Next, the outline of this disclosure will be described. FIG. 11 is a block diagram illustrating an overview of a grouped convolution processing optimization device according to this disclosure. The grouped convolution processing optimization device 20 according to the present disclosure includes a first insertion unit 21 (for example, the grouped convolution weight modification unit 140) that executes at least one of a column insertion process that inserts (M−N/G) columns of zeros at the right end of an i-th weight matrix for each i from 1 to G or a row insertion process that inserts (M−N/G) rows of zeros at the bottom of the i-th weight matrix for each i from 1 to G, when a constraint that requires convolution computation to be executed on data composed of M channels (where M is an integer greater than N/G) for a grouped convolution is imposed on a trained convolutional neural network, in which an input convolution that executes convolutional computation using an input weight matrix of N rows and N columns on data composed of channels arranged sequentially from the first channel to the N-th channel (where N is an integer of 2 or more), the grouped convolution that divides the result of the input convolution into G parts (where G is an integer of 2 or more) along the channel direction, and executes convolutional computation for each i from 1 to G using the i-th weight matrix of N/G rows and N/G columns on the divided data composed of channels from {(i−1)×N/G+1} to (i×N/G), and an output convolution that executes convolutional computation using an output weight matrix of N rows and N columns on the result of the grouped convolution are each defined, and a second insertion unit 22 (for example, the pre-convolution weight modification unit 130 and the post-convolution weight modification unit 150) that executes at least one of an input weight matrix insertion process that inserts (M−N/G) columns of zeros to the right of the i×N/G-th column of the input weight matrix for each i from 1 to G or an output weight matrix insertion process that inserts (M−N/G) rows of zeros below the i×N/G-th row of the output weight matrix for each i from 1 to G, wherein the second insertion unit executes the input weight matrix insertion process when the row insertion process is executed, and executes the output weight matrix insertion process when the column insertion process is executed.

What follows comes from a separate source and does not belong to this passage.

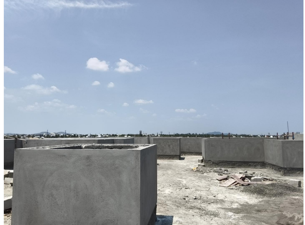
Block-02 – Above Terrace Work in Progress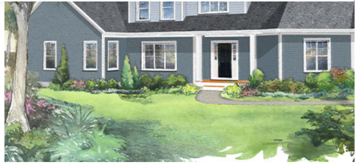
Your Ruby II Twin Home at Redbr

When such a grouped convolution processing optimization device is used, a hardware circuit with memory addressing constraints can execute grouped convolution at a higher speed.

Additionally, M may be the smallest multiple that is greater than the predetermined number N/G.

In grouped convolution, a matrix where i-th weight matrices are arranged diagonally from the top-left to the bottom-right in the order of i=1 to G may be used as the weight matrix.

This configuration allows the grouped convolution processing optimization device to reduce the impact of overhead involved in executing grouped convolution.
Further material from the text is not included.